▶ [TASK ITEM] Starting at the line that contains "產(chǎn)品規(guī)格 | 17姆米絲/棉竹纖維小提花 |" and stopping after the line that contains "華奢な肩紐が可愛いノースリーブティアードワンピースです。", transcribe the listing below exactly; do not include any pictures.

▶ [RAW DATA]

+===+

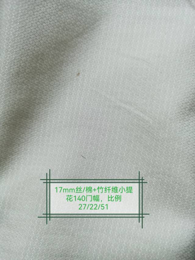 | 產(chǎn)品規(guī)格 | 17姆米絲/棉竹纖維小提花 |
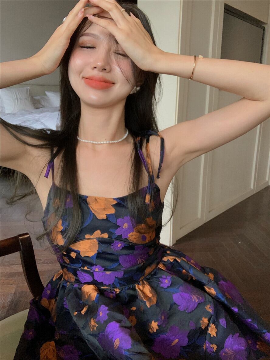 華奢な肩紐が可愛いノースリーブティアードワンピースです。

+===+

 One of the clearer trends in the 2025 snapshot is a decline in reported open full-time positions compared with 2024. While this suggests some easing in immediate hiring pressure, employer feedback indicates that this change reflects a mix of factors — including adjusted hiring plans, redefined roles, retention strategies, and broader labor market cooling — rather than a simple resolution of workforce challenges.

+===+

▶ [EXPECTED OUTPUT]
 | 產(chǎn)品規(guī)格 | 17姆米絲/棉竹纖維小提花 |
 華奢な肩紐が可愛いノースリーブティアードワンピースです。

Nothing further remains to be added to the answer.